Events. Media. Cute Animals. A Poll.

  • Next Kidlit Drink Night! We'll gather at the Blue Owl on Monday, March 30th, about 6 p.m. All the cool kids will be there -- except, of course, in kidlit, the cool kids are all just happy dorks. So you become a cool kid by just loving the subject and showing up to discuss it. Hope to see you there!
  • Francisco Stork, author of Marcelo in the Real World, was featured in a SLJ interview here.
  • Lisa Yee is interviewed by Readergirlz in a video for Absolutely Maybe here
  • A terrific review of Heartsinger here. I'm going to be on a USBBY panel for this book at Midsummer ALA, along with the author (Karlijn Stoffels) and translator (Laura Watkinson) and Arthur. That will also be the first time, or very close to it, that I meet either the author or translator, or even hear their voices, even though we went through an exhaustive and ultimately entirely mutually satisfying translation and editing process together -- all done over e-mail and in Microsoft Word Track Changes. We hope to show some of these original e-mails and documents during our panel, so if you're at all interested in children's literature in translation or the editorial process, it ought to be a fascinating event.
  • Greg Pincus has a very cool plan for National Poetry Month in April.
  • An awesome word: schwerpunkt. I'm thinking of using this in place of the word "point" in all my talks, because it means more or less the same thing but it's so much more pungent and schwerpunkty. Find an excuse to use it today!
  • If you love Zadie Smith but haven't yet seen her wonderful essay on Obama, "Pygmalion," and her own upbringing, "Speaking in Tongues" -- you can click that link.

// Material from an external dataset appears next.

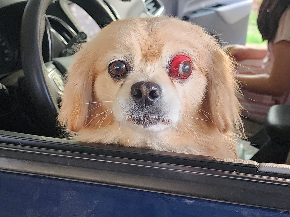 Hi ! My 12 year old puppy dog snuggles was rough playing outside today and due to his type of breed his eyeball is now prolapsed. I urgently need to bring him to the vet to hope and save his eye .

  • But in order to click the next link, you must (1) enjoy pictures of cute animals, (2) find insulting them for no reason potentially hilarious, and (3) not mind bad language. All good? Okay. (My favorite entry: The Tibetan Fox Thinks He's Better Than You.)
  • Best adult book I've read recently: The Beautiful Struggle by Ta-Nehisi Coates. I became a fan of Mr. Coates's writing after he replaced Matthew Yglesias as the liberal blogger at the Atlantic website, and this is his memoir of growing up in Baltimore in the 1980s, the next-to-youngest son of a former Black Panther, and learning what it meant to him to be a black male. I clearly am a very whitebread white woman, and reading this reminded me strongly of reading The Brief Wondrous Life of Oscar Wao: the same constant flow of references I didn't get, but also the same wondrous use of language, particularly that very flow; the same fascinating characters and setting; and the same wonder and appreciation for getting such a full view of a life so different from my own. It is indeed beautiful.
  • The fine print on the challenge below: To qualify for the $1 donation, you must send me a digital picture of you at the end of your run (walks also qualify). All pictures must be received at chavela_que at yahoo dot com by the date of the Race to Deliver in November. Melissa has accepted the challenge, but there's still no word from John . . . If you know him, harass him.
Finally, a poll. Last weekend I gave three talks at the Missouri SCBWI retreat. Two were revised and expanded versions of speeches I've given earlier: a talk on character from the Missouri SCBWI conference in November 2007 and New Jersey in June 2008, and a talk on plot from Illinois last November. The third talk, on voice, was entirely new. None of these, you will have noticed, are on my website, and this is because it makes my life EVER SO MUCH EASIER when I don't have to write a new talk for a conference. I actually do like writing talks; I always learn something myself in the writing, and these three were no exceptions. But when I don't have to write one, I can spend more time concentrating on critiques and editing my books and having a life (particularly on weekends), which is all quite lovely. And it is nice feeling like I'm not saying things people already have heard or know . . .

So I'm wondering: On a scale of 1 to 5, if you came to an SCBWI conference, how bothered would you be to hear me give a talk you might have already read online? 1 is "Hooray! A Talk I Can Read Immediately!"; 5 is "You Are Dead to Me." The poll is in the sidebar at right. Please be honest, as the results have a bearing on the future content of both my website and my weekends. Many thanks!